Based on such results, we further explored the association between the different clinicopathological factors and the expression level of HIF-1α and FAP in the 138 HCC patients' cohort. The results showed that HIF-1α expression were associated with serum AFP (p=0.0004), TNM (p=0.0001), tumor size (<0.0001), vascular invasion (<0.0001), and did not significantly associated with other factors (Table 1). Meanwhile, FAP expression was associated with serum AFP (p=0.003), TNM (p<0.0001), tumor size (p=0.0321), vascular invasion (<0.0001) (Table 1).

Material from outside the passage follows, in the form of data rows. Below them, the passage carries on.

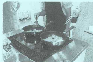
▲鮭の切身を 焼いています。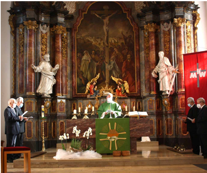
In der Kirche St. Pankratius fand der Jubiläumsgottesdienst des Kath. Männerkreises (KMK) Dossenheim statt.

Männerkreis Dossenheim feierte am 24.10.2021 sein 65. jähriges Bestehen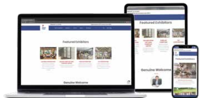
Advertisement package on website and app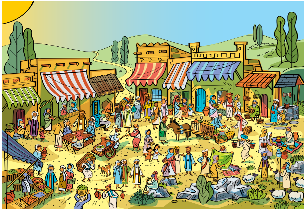
Kuvaratkaisu on sivustolla fsoy.churchofjesuschrist.org .

Kukin alkuperäisistä kahdestatoista apostolista on jossakin päin kaupunkia. Löydätkö heidät kaikki?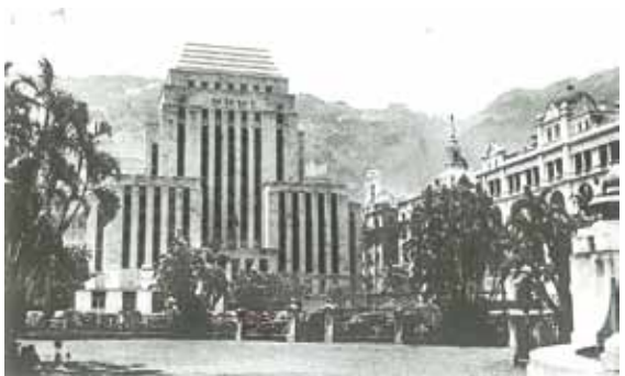
●約1947年的滙豐及其右的渣打銀行。皇后像廣場被用作停車場。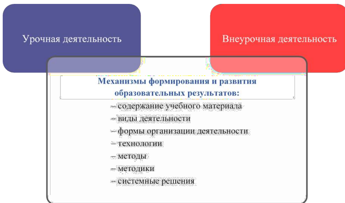
Рис. 2. Механизмы формирования и развития образовательных результатов

Предметные результаты освоения АООП НОО с учетом специфики содержания предметных областей включают освоенные обучающимися знания и умения, специфичные для каждой предметной области, готовность их применения.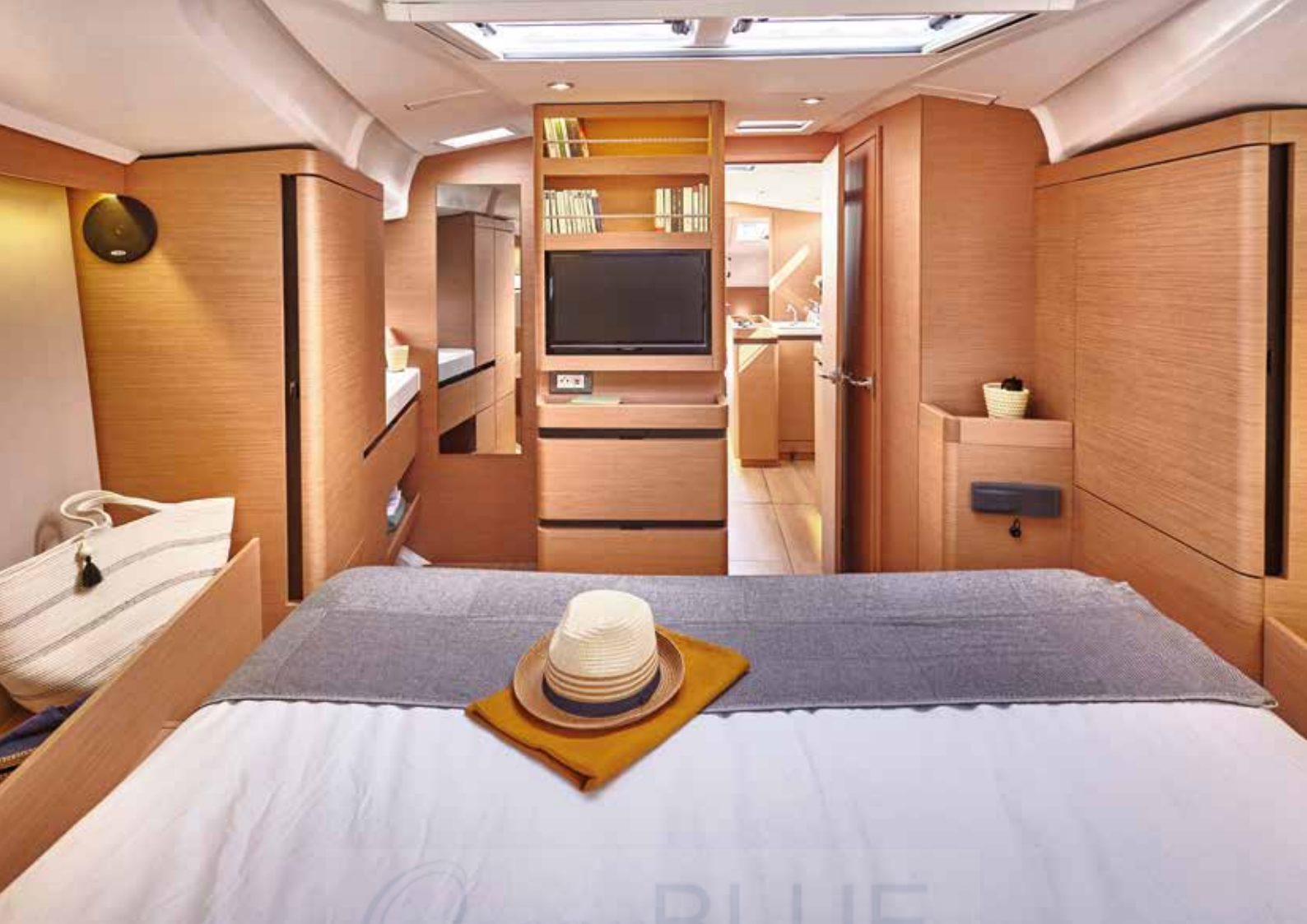
▲ Bright and voluminous master cabin Cabine propriétaire lumineuse et volumineuse Helle und großzügige Eignerkabine Cabina propietario luminosa y espaciosa Cabina armatoriale luminosa e con bei volumi

Kaplan-Meier analysis based on HIF-1α and FAP expression levels were then performed to plot the OS and TTR curves. Results revealed that mean OS interval in high HIF-1α expressing HCC patients was 36.5 months, compared with 70.7 months in those expressing low levels of HIF-1α (p < 0.0001, log-rank test; Figure 3A). The mean TTR interval in high HIF-1α expressing HCC patients was 25.2 months, compared with those expressing low levels of HIF-1α was 56.5 months (p < 0.0001, log-rank test; Figure 3 B). For FAP, the mean OS interval in high FAP expressing HCC patients was 34.8 months, compared with 71.1 months for those expressing low levels of FAP (p < 0.0001, log-rank test; Figure 3C). The mean TTR for HCC patients expressing high levels of FAP was 21.6 months, compared with those expressing low levels of FAP was 58.6 months (p < 0.0001, log-rank test; Figure 3D).

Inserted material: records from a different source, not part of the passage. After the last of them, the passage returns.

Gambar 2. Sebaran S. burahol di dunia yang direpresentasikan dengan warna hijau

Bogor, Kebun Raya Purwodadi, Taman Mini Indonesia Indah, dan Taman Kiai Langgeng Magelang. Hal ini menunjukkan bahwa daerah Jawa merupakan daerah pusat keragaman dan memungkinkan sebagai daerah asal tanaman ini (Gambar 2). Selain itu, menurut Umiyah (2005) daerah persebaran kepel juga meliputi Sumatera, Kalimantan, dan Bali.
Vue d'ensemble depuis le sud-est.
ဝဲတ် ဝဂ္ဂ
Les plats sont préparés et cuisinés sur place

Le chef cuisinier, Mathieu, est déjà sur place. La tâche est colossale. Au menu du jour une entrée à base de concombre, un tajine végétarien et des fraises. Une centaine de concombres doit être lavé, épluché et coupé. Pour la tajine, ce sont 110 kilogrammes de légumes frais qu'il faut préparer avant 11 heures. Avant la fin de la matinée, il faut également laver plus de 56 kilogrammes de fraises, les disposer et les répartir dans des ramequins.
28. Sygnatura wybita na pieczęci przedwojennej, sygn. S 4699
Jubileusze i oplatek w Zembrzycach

Kaplan-Meier survival analyses of HIF-1α and FAP in HCC patients. (A) Overall survival for postoperative HCC patients: low expression of HIF-1α (n=74, mean=70.7 months), high expression of HIF-1α (n=64, mean=35.5 months). (B) Time to recurrence for postoperative HCC patients: low expression of HIF-1α (n=74, mean=56.5 months), high expression of HIF-1α (n=64, mean=25.2 months). (C) Overall survival for HCC patients: low expression of FAP (n=65, mean=71.1 months), high expression of FAP (n=73, mean=34.8 months). (D) Time to recurrence for postoperative HCC patients: low expression of FAP (n=65, mean=58.6 months), high expression of FAP (n=73, mean=21.6 months).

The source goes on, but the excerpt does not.